(Records to process)
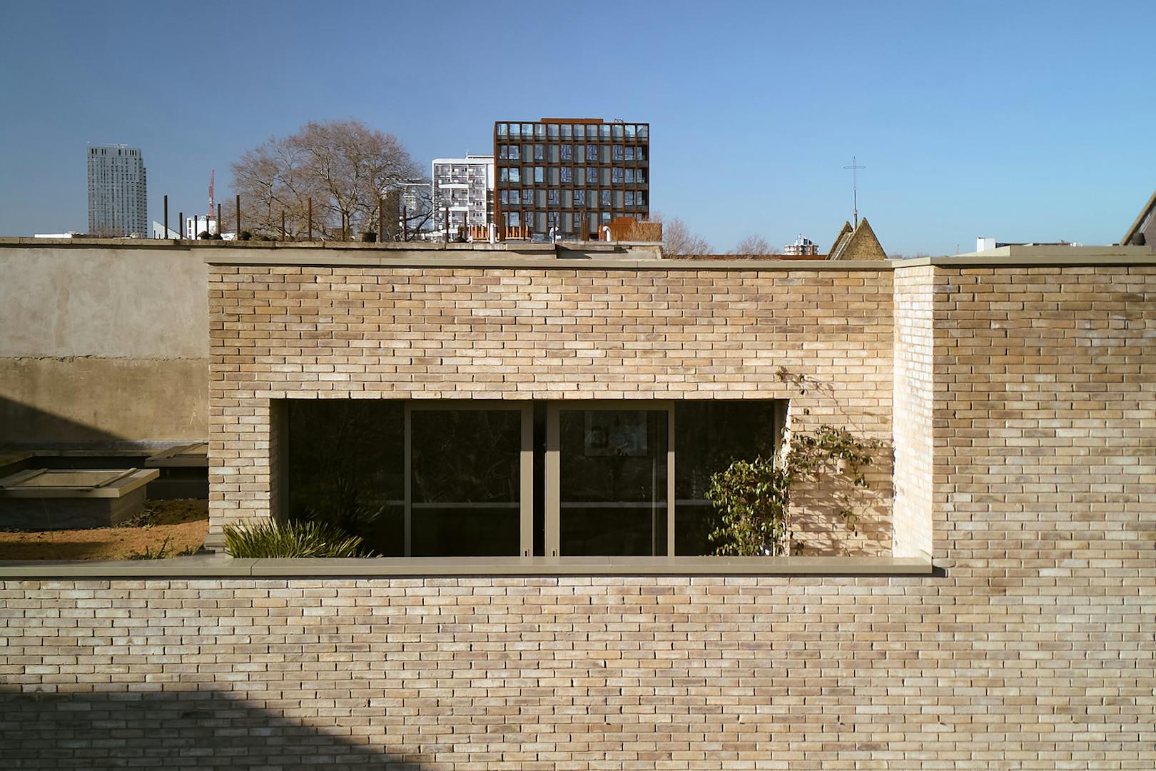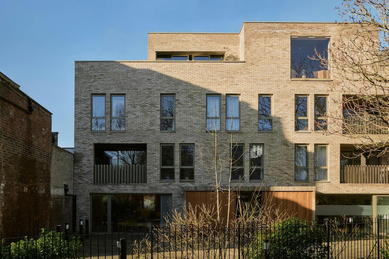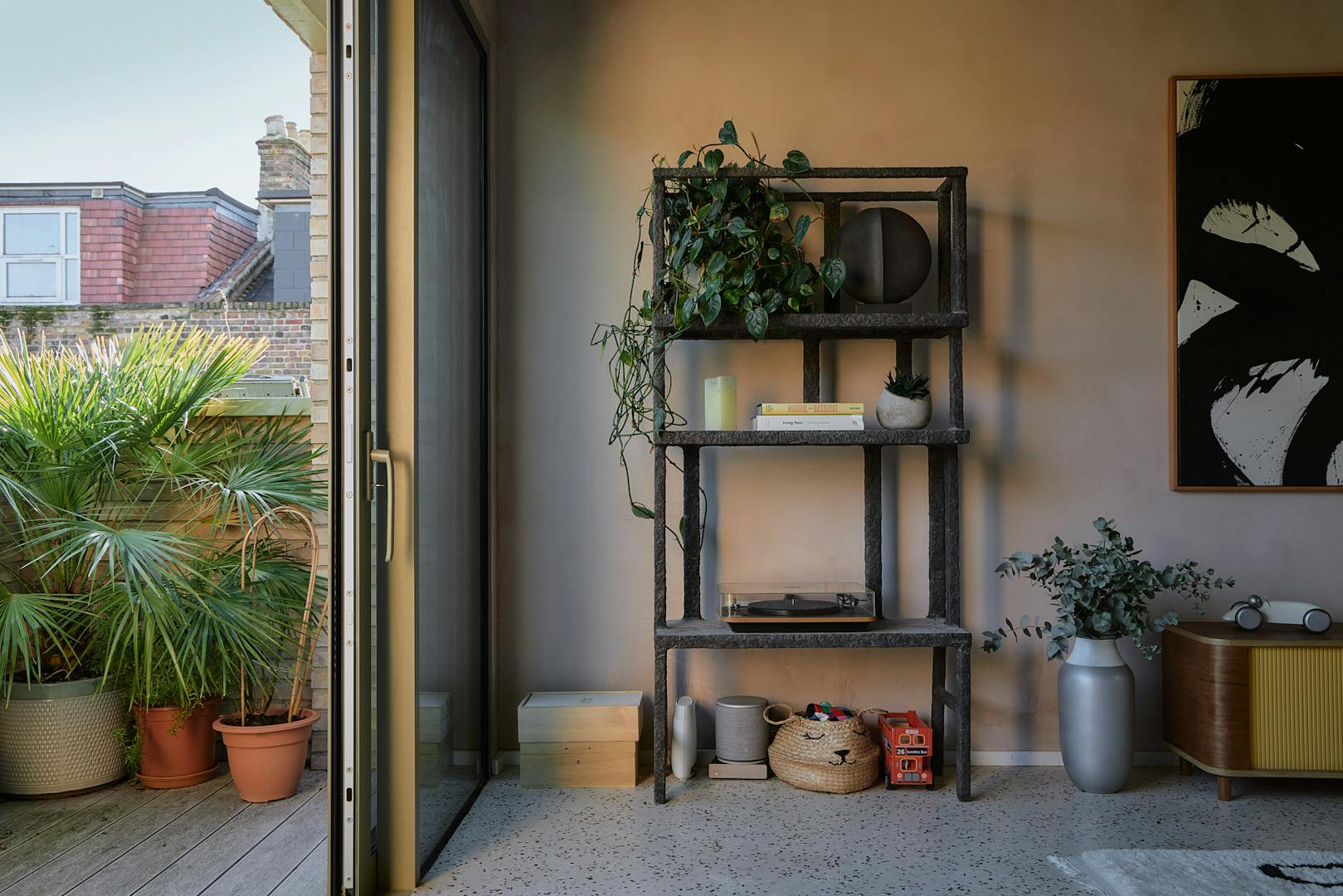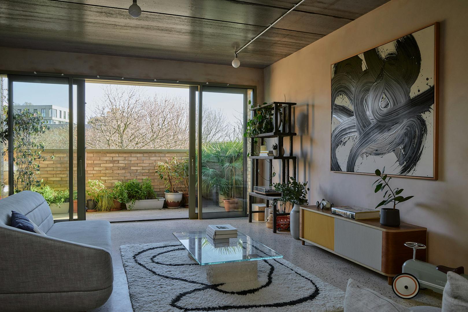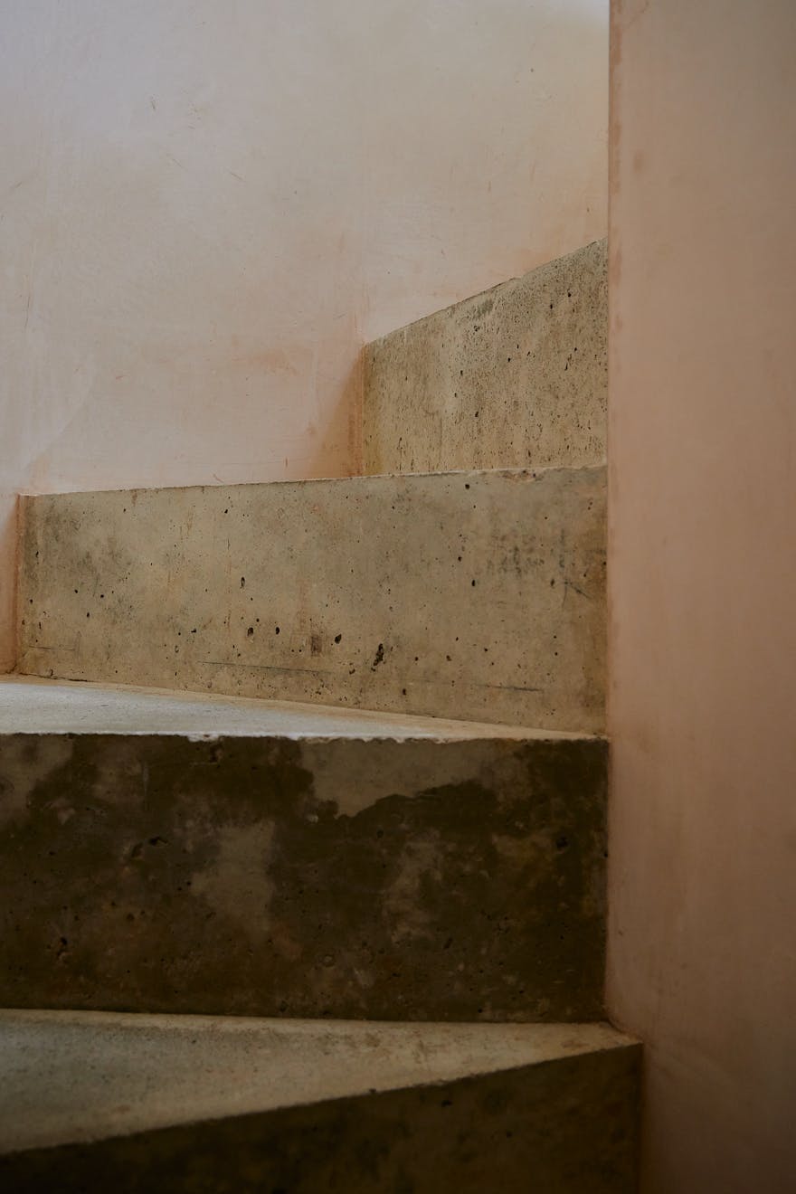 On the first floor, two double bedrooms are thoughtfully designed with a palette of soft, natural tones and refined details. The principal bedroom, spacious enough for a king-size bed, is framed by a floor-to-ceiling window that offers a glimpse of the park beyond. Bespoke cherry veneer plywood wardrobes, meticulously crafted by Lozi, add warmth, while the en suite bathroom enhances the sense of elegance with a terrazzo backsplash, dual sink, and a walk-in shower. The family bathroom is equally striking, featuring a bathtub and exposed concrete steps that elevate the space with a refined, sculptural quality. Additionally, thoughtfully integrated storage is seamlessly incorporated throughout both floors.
(End Records to process)
(Records to process)
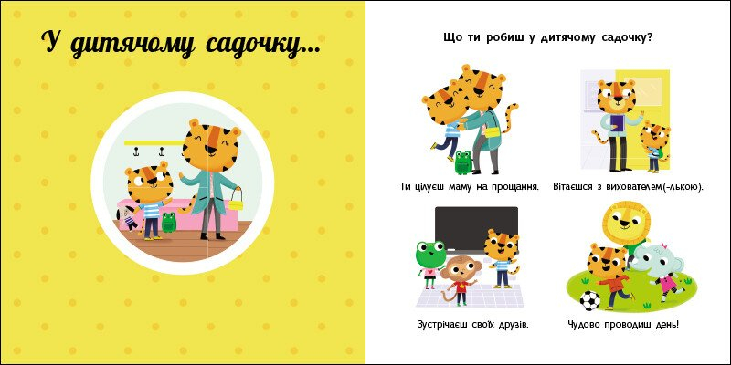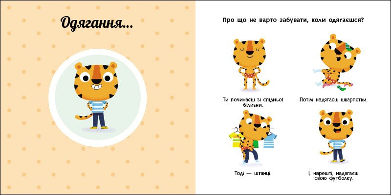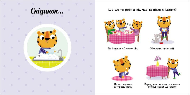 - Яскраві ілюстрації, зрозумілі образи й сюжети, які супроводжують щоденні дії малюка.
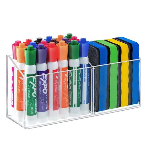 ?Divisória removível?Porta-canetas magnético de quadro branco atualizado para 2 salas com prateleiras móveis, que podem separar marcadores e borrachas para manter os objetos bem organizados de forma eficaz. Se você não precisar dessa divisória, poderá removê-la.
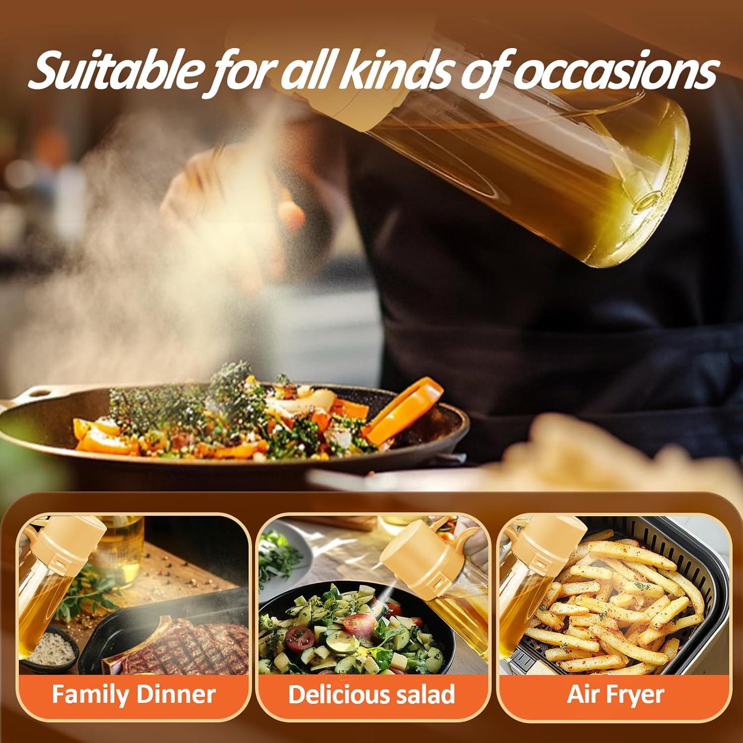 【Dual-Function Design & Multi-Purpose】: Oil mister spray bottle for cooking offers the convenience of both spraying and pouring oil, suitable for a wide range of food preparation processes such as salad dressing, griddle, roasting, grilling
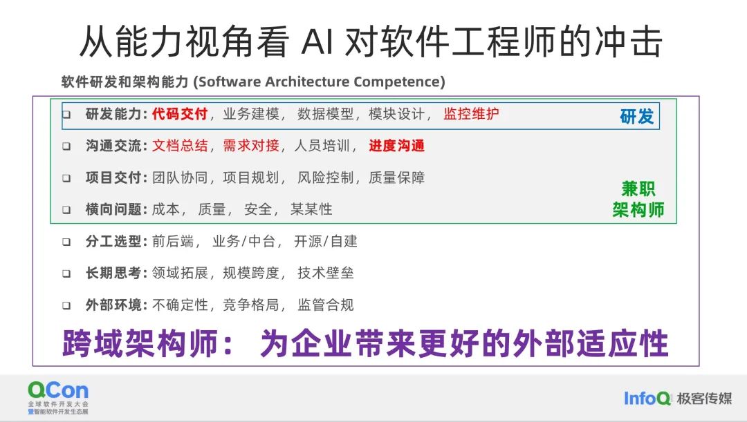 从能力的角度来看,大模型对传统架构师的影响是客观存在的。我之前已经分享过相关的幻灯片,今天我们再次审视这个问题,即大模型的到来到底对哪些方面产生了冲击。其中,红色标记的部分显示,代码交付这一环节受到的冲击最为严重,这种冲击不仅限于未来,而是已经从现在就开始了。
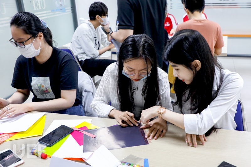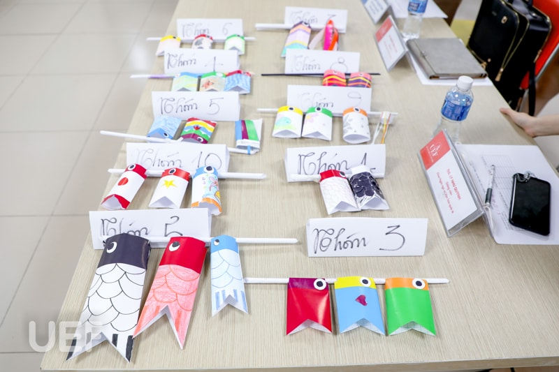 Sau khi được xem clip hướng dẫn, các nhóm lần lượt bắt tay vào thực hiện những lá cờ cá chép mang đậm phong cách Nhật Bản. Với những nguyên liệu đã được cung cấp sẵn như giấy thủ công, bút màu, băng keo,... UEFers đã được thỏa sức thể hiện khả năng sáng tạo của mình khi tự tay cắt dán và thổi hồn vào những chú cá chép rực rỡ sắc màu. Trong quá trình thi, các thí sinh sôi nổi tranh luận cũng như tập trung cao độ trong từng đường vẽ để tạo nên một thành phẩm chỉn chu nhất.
(End Records to process)
> What the exercise asks:
Range to copy from the records above: the line containing "从能力的角度来看,大模型对传" to the line containing "Sau khi được", both included. Output those lines exactly and only those, skipping pictures.

> Your solution:
 从能力的角度来看,大模型对传统架构师的影响是客观存在的。我之前已经分享过相关的幻灯片,今天我们再次审视这个问题,即大模型的到来到底对哪些方面产生了冲击。其中,红色标记的部分显示,代码交付这一环节受到的冲击最为严重,这种冲击不仅限于未来,而是已经从现在就开始了。
 Sau khi được xem clip hướng dẫn, các nhóm lần lượt bắt tay vào thực hiện những lá cờ cá chép mang đậm phong cách Nhật Bản. Với những nguyên liệu đã được cung cấp sẵn như giấy thủ công, bút màu, băng keo,... UEFers đã được thỏa sức thể hiện khả năng sáng tạo của mình khi tự tay cắt dán và thổi hồn vào những chú cá chép rực rỡ sắc màu. Trong quá trình thi, các thí sinh sôi nổi tranh luận cũng như tập trung cao độ trong từng đường vẽ để tạo nên một thành phẩm chỉn chu nhất.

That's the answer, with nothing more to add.